- **Exercise description**: Please restate word for word the lines of the entries below from the one with "Mange ved ikke, at" to the one with "5月12日上午,芦淞区城管大", inclusive, and leave out every picture.

- **Task data**:
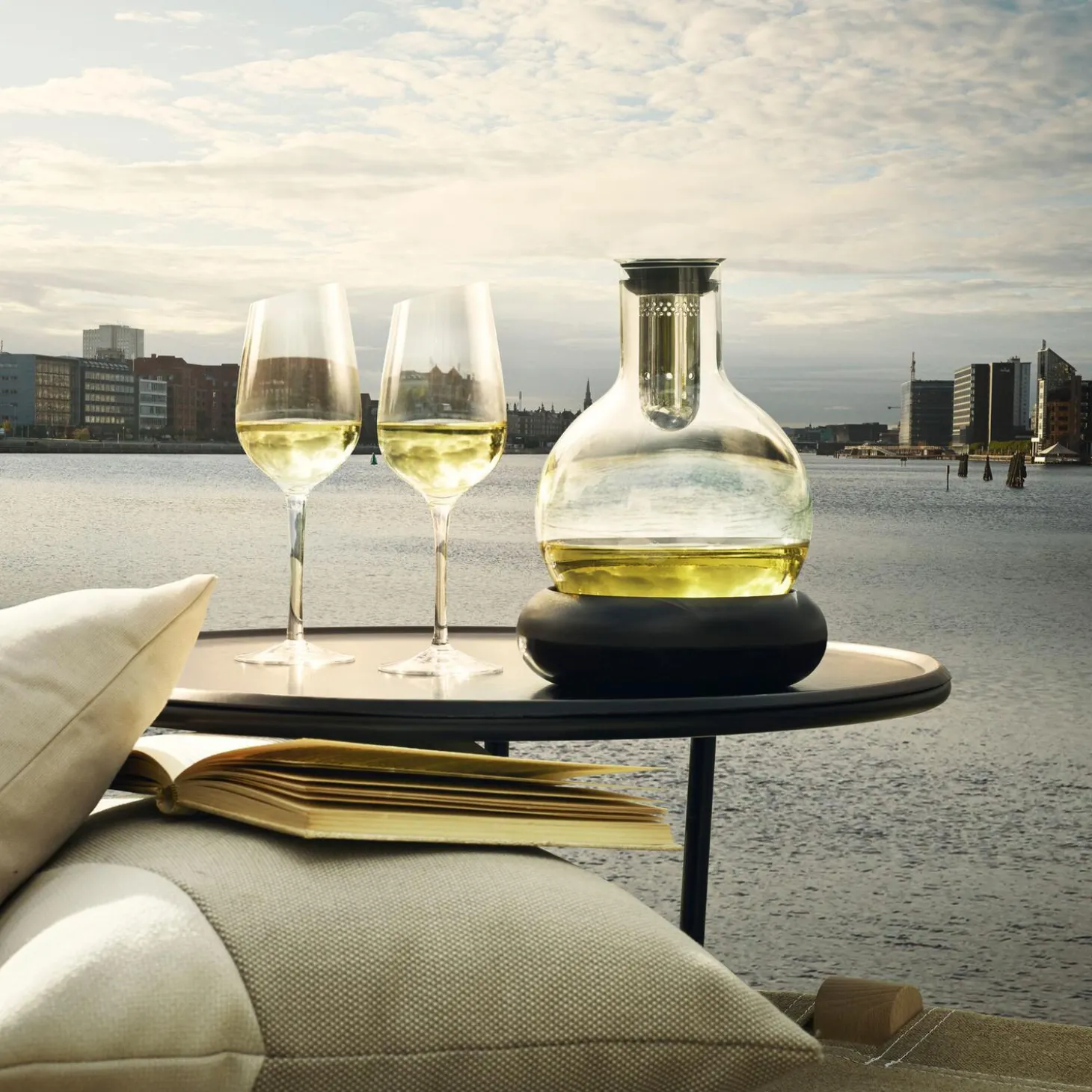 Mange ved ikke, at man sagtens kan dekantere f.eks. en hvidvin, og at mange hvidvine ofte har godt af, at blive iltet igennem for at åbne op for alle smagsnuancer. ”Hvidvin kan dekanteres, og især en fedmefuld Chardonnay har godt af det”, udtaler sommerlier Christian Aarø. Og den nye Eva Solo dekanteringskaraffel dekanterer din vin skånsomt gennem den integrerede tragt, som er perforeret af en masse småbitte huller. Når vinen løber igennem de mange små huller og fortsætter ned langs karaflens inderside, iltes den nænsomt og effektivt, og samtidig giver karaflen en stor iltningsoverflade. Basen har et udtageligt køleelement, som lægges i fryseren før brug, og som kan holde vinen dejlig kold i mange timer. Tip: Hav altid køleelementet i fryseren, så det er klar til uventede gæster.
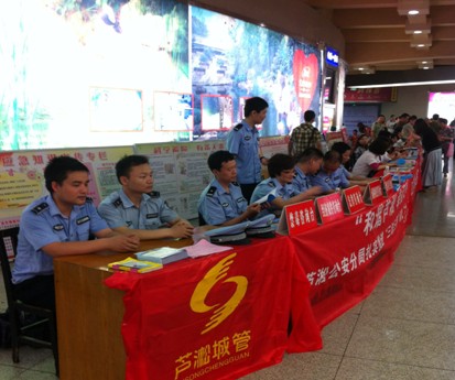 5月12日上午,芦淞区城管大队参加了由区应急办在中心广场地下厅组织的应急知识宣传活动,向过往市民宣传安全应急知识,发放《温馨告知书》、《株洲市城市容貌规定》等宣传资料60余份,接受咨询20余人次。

---

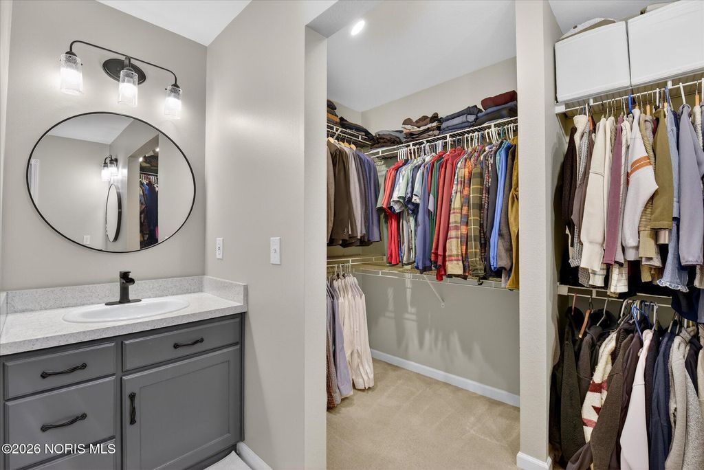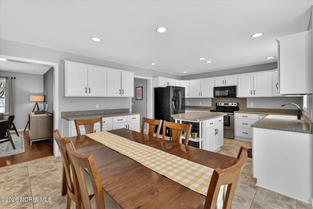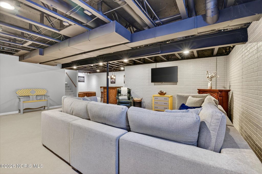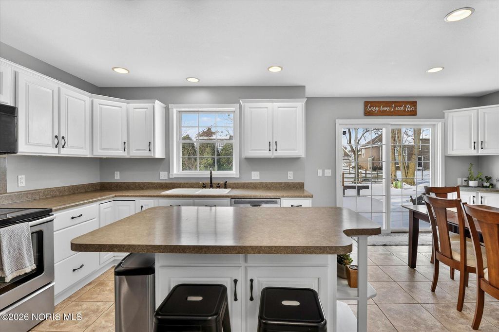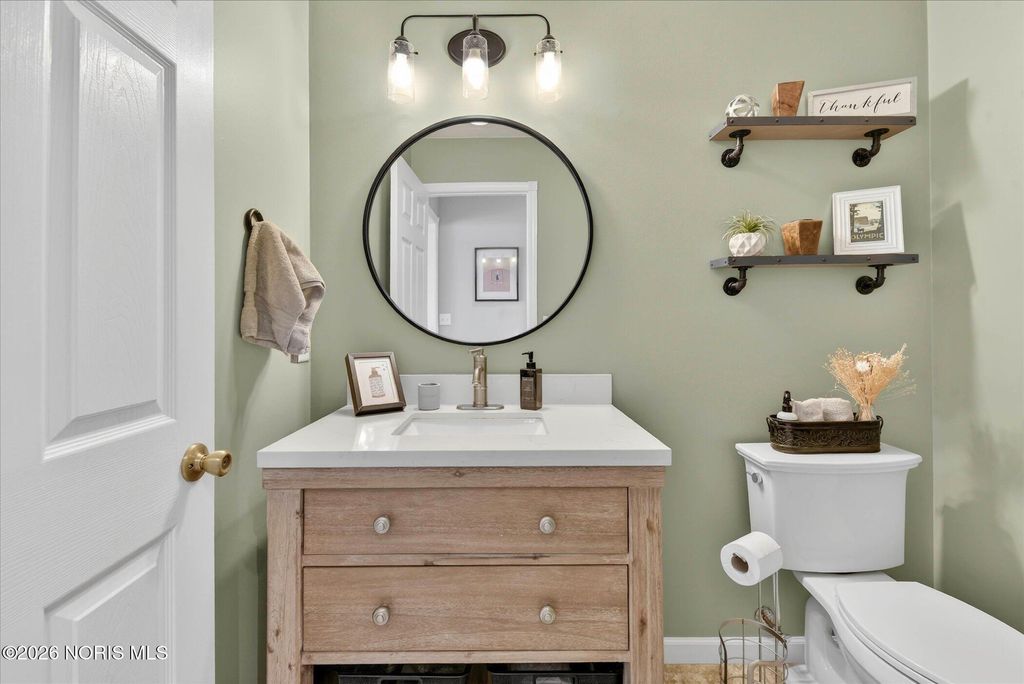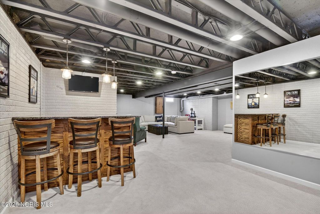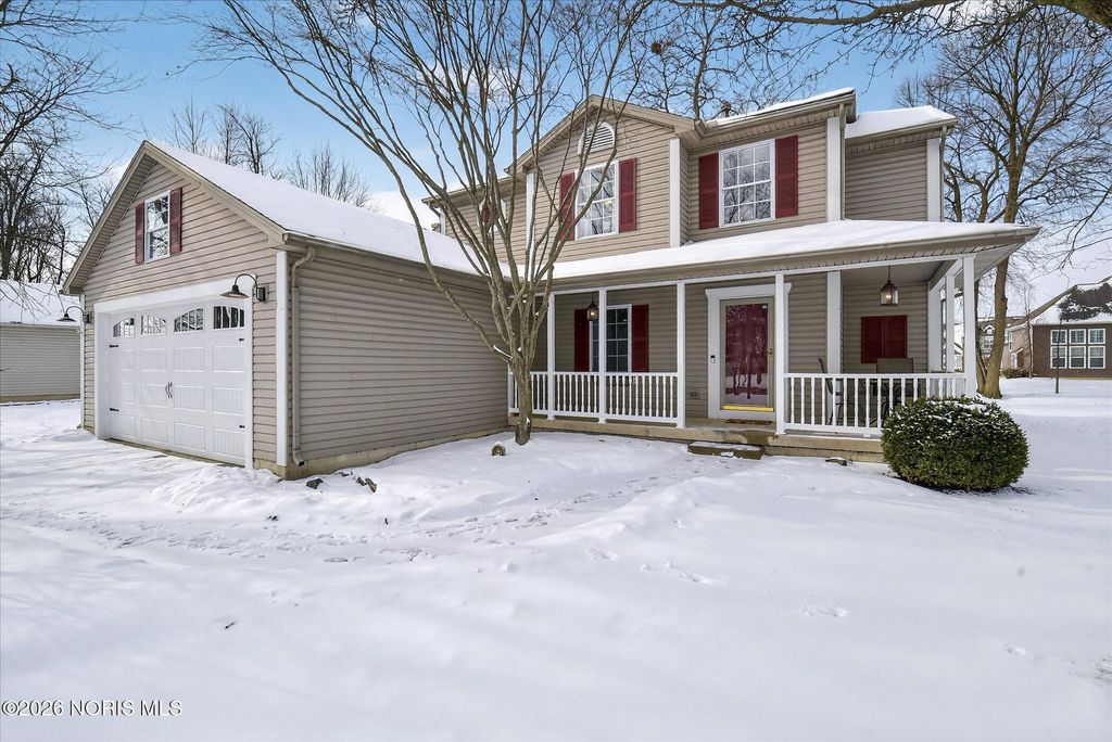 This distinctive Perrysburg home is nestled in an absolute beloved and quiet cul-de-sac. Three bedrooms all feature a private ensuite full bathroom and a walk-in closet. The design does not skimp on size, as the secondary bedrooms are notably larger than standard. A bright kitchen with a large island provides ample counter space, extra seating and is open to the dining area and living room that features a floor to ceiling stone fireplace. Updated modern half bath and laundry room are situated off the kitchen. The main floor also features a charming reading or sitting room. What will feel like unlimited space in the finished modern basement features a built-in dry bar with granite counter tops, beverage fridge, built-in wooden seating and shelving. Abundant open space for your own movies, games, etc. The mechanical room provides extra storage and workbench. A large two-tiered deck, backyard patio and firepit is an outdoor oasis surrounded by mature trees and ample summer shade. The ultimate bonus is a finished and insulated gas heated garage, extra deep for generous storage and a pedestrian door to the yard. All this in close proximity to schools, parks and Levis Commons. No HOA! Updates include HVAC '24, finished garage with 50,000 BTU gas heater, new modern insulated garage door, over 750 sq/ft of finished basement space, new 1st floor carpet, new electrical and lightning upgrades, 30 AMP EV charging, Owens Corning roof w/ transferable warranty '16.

- **Answer section**:
 Mange ved ikke, at man sagtens kan dekantere f.eks. en hvidvin, og at mange hvidvine ofte har godt af, at blive iltet igennem for at åbne op for alle smagsnuancer. ”Hvidvin kan dekanteres, og især en fedmefuld Chardonnay har godt af det”, udtaler sommerlier Christian Aarø. Og den nye Eva Solo dekanteringskaraffel dekanterer din vin skånsomt gennem den integrerede tragt, som er perforeret af en masse småbitte huller. Når vinen løber igennem de mange små huller og fortsætter ned langs karaflens inderside, iltes den nænsomt og effektivt, og samtidig giver karaflen en stor iltningsoverflade. Basen har et udtageligt køleelement, som lægges i fryseren før brug, og som kan holde vinen dejlig kold i mange timer. Tip: Hav altid køleelementet i fryseren, så det er klar til uventede gæster.
 5月12日上午,芦淞区城管大队参加了由区应急办在中心广场地下厅组织的应急知识宣传活动,向过往市民宣传安全应急知识,发放《温馨告知书》、《株洲市城市容貌规定》等宣传资料60余份,接受咨询20余人次。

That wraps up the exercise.